Calmar on Mutt (for dummies or however)

Section 1 - Settings basically

Who you are (settings)

you need to tell mutt who are (in e.g. ~/.mutt/muttrc)

unmy_hdr *       # delete existing header-settings, if there are any.
my_hdr X-Homepage: http://www.calmar.ws
my_hdr X-PGP-Key: http://www.calmar.ws/calmar.asc

set from="your@email.com"
set realname="calmar"
set signature='~/.signature'

The set from="..." is needed, because that variable needs mutt to identify 'who' you are actually. (E.g. on the $index_format with switches like %F showing you the To: instead of the From: (messages sent out by you)).

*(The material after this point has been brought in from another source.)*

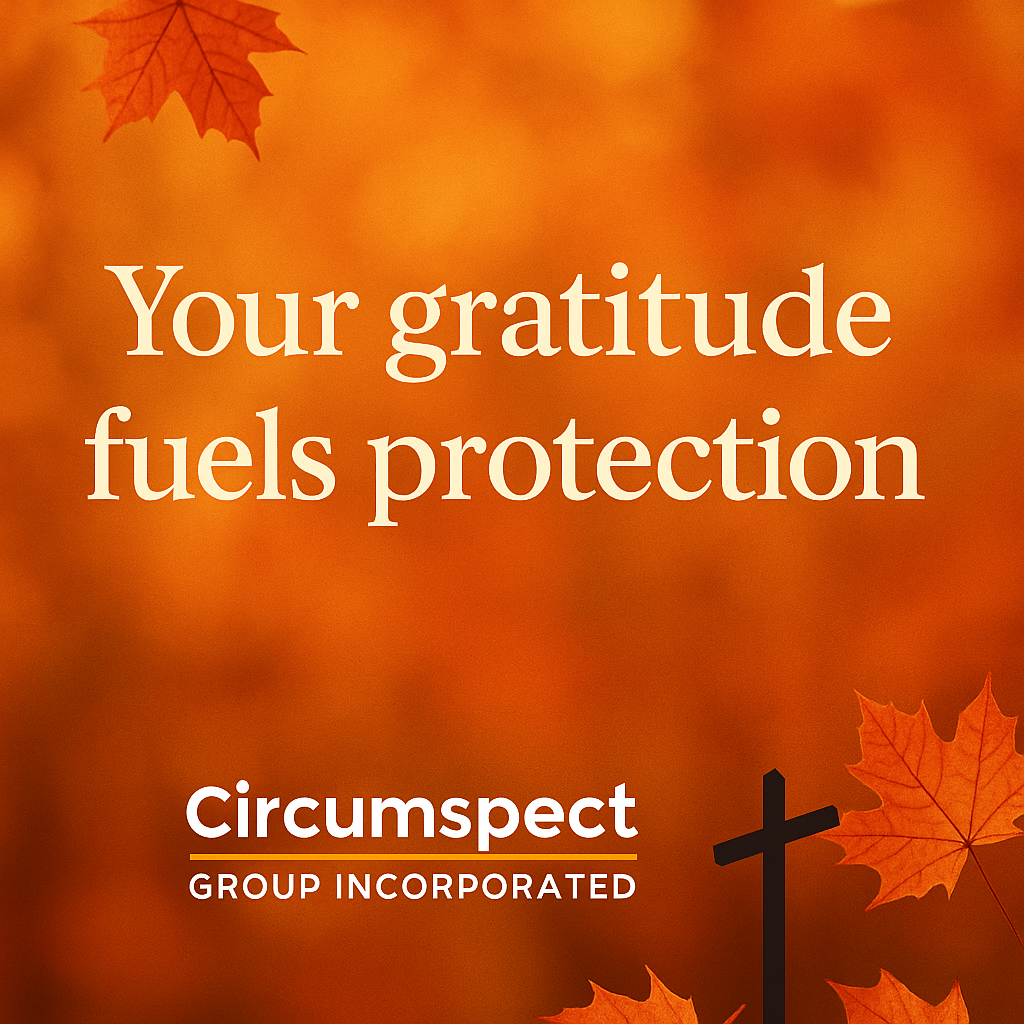 This Thanksgiving, as we gather with family and reflect on God’s goodness, we’re reminded that security is one of His greatest gifts. At Circumspect Group Inc., we see this truth every day—missionaries in uncertain regions relying on the peace that comes from preparation, intelligence, and faith.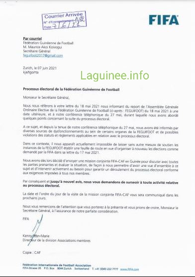 Laguinee.info vous propose ci-dessous ce courrier de la FIFA

Folders/Mailboxes (settings)

May have a read here first of all: Mutt Folder Wiki

My folder-configuration parts in my muttrc config file

set folder=~/.mail      # there are the mailboxes (+ / = are shortcuts for it now)
set mbox_type=mbox      # see the wiki, there are 4 to choose from.
                        # mbox is here a way 'how' to store mails. Below is mbox meant
                        # as a 'mailbox' where read mails are saved ouf of the
                        # inbox ($spoolfile).

set spoolfile=+inbox    # incoming mails (~/.mail/inbox)
set move=yes            # yes (move read mails automatically to $mbox)
set keep_flagged=yes    # esc-f to mark message in spool, and it won't move to $mbox)
set mbox=+read_inbox           # ~/.mail/read_inbox
set postponed=+postponed       # an 'internal' box for mutt basically
set record="+Sent-`date +%Y`"  # sent messages goes there (e.g. $folder/Sent-2006)

set header_cache=~/.mail/mutt_cache/ # a much faster opening of mailboxes...

Mutt shows mails in the spoolfile (~/.mail/inbox in my case) on startup. After reading them, they move to the $mbox (~/.mail/read_inbox in my case (on leaving the $spoolfile box so). The mail moves to mbox because I set the variable 'move=yes'.

NOTE: If you want that each incoming mail stays in the inbox, check out move=no. I used that setup for quite some time. Since the inbox gets very large (and slower to open, as an big disadvantage), I emptied it every few month, with moving the contents to a backup box like inbox_2007 (e.g. mark all T.* and save (same as append in mutt) all tagged ;s to inbox-archive-2007): T.*;s+inbox-archive-2007. Anyway, since it's a fast switch to the $mbox (e.g. c><ret>) I use move=yes actually with all it's advantages. But may test it yourself what you prefer. (You should have keep_flagged=yes as well, then you mark messages you want to stay in the inbox (spool) via esc-f and they stay there until unflagged (esc-f again).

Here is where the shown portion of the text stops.